START Data listing

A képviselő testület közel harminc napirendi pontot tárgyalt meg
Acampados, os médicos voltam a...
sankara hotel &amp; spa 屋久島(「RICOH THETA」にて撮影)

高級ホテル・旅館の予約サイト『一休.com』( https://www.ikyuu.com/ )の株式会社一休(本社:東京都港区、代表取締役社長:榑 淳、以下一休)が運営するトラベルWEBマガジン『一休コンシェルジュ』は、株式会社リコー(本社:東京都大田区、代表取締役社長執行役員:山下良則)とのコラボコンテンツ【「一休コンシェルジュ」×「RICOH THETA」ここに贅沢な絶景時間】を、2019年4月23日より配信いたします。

END Data listing
START Data listing

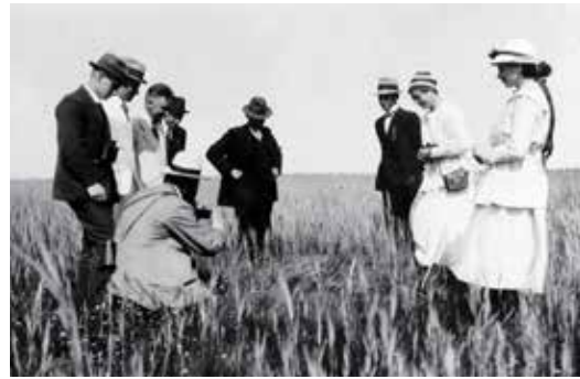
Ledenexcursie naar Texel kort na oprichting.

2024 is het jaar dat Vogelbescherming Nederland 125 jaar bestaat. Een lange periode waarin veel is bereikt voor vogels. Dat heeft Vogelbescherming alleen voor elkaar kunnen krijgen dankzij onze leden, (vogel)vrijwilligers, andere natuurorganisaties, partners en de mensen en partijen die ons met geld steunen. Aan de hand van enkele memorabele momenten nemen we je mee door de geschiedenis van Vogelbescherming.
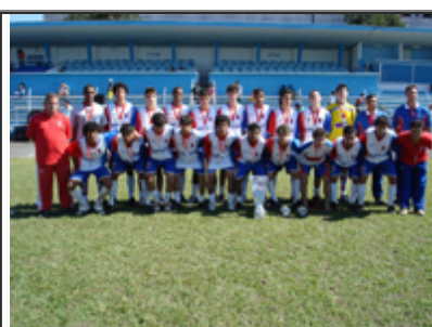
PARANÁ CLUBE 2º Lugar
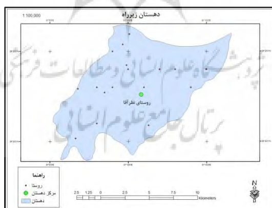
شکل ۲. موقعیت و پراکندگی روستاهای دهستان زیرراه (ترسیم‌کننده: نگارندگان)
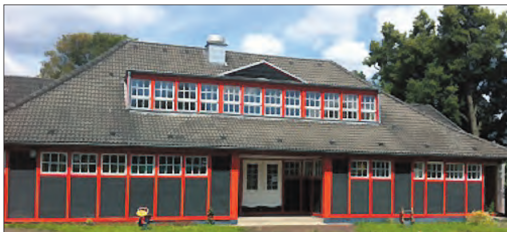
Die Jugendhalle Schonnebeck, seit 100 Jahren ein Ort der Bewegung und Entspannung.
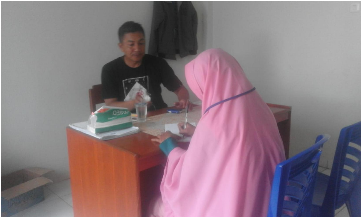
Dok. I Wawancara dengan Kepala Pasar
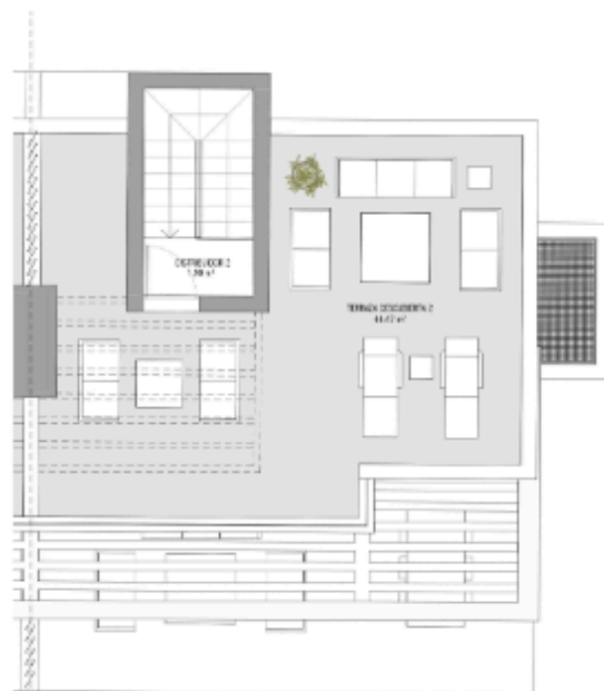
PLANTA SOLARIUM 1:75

END Data listing
START Data listing

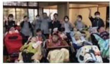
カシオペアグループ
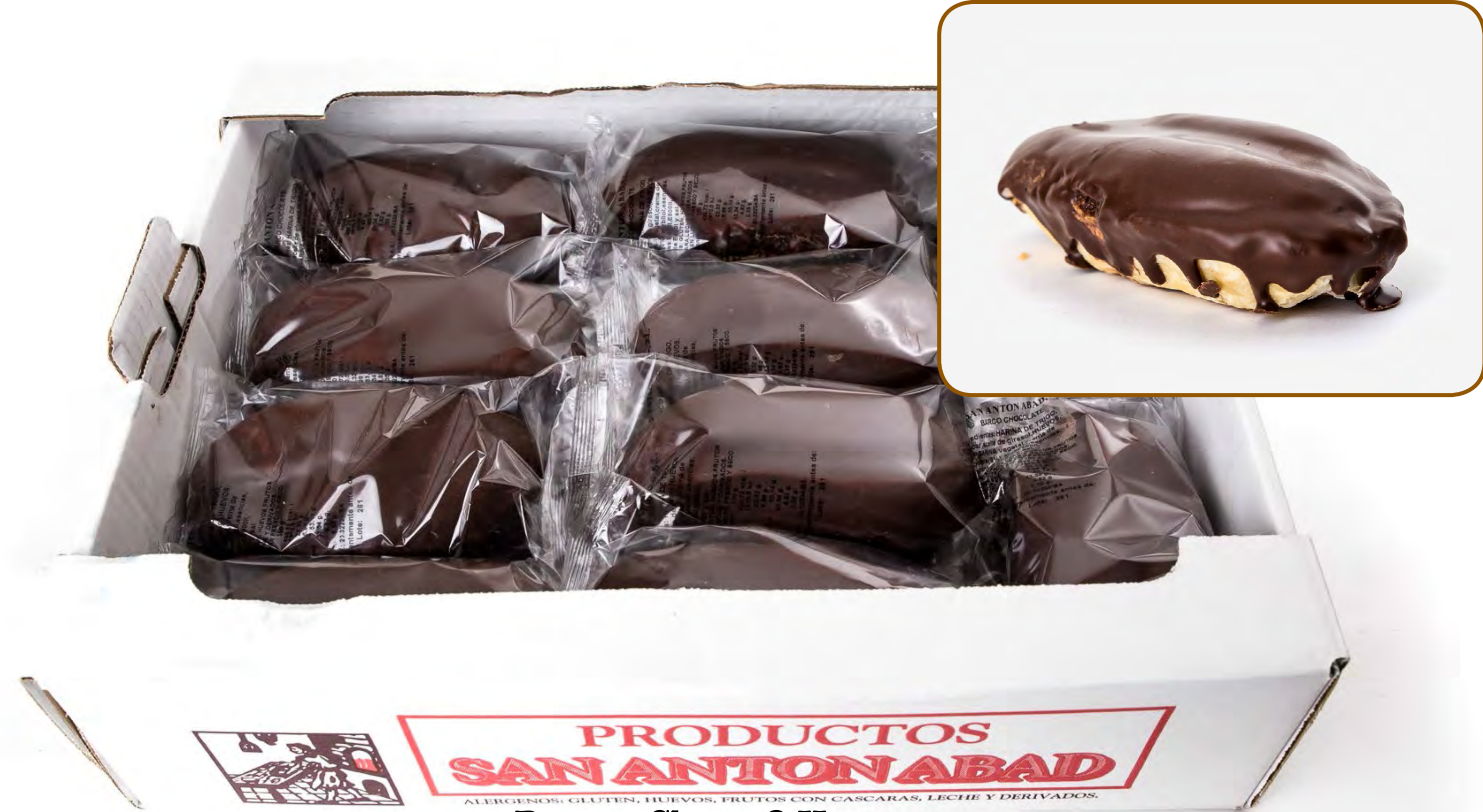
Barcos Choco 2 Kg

END Data listing

What you have to do: The stretch to restate runs from the line above containing "شکل ۲. موقعیت" through the line containing "PLANTA SOLARIUM 1:75". Copy it word for word, ends included, without pictures.

Response to this exercise:
شکل ۲. موقعیت و پراکندگی روستاهای دهستان زیرراه (ترسیم‌کننده: نگارندگان)
Die Jugendhalle Schonnebeck, seit 100 Jahren ein Ort der Bewegung und Entspannung.
Dok. I Wawancara dengan Kepala Pasar
PLANTA SOLARIUM 1:75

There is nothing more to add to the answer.